*PROBLEM DETAILS*: Without the pictures, give the listing below again exactly.

*MATERIAL PROVIDED*:
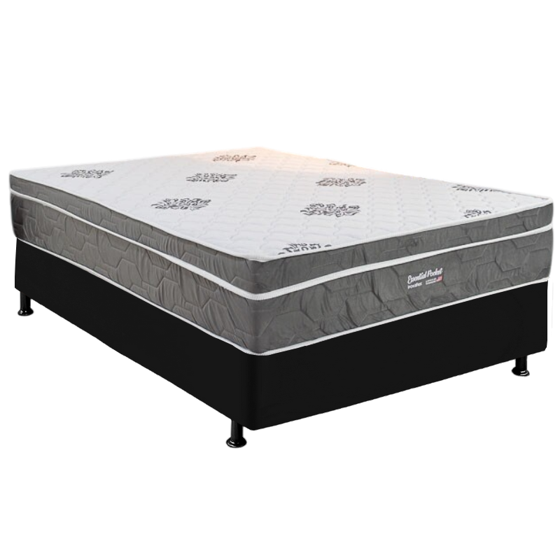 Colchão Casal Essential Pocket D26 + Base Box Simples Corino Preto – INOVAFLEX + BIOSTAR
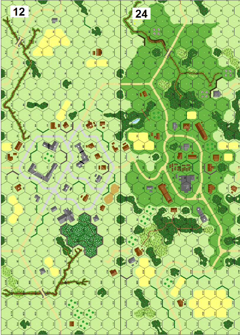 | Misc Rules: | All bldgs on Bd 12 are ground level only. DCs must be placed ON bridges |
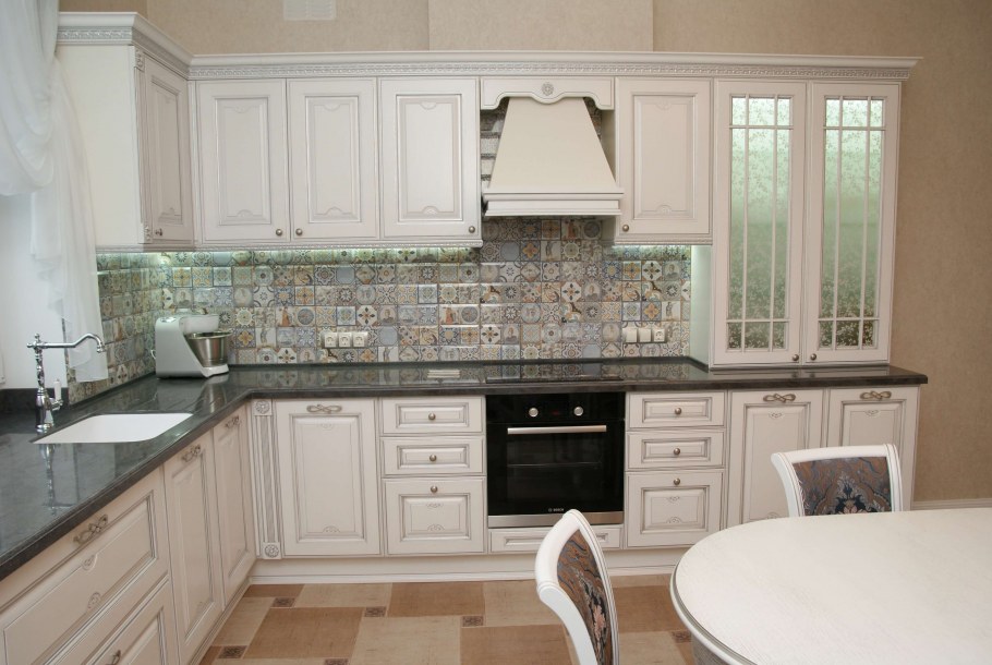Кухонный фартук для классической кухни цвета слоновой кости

*EXPECTED OUTPUT*:
 Colchão Casal Essential Pocket D26 + Base Box Simples Corino Preto – INOVAFLEX + BIOSTAR
 | Misc Rules: | All bldgs on Bd 12 are ground level only. DCs must be placed ON bridges |
Кухонный фартук для классической кухни цвета слоновой кости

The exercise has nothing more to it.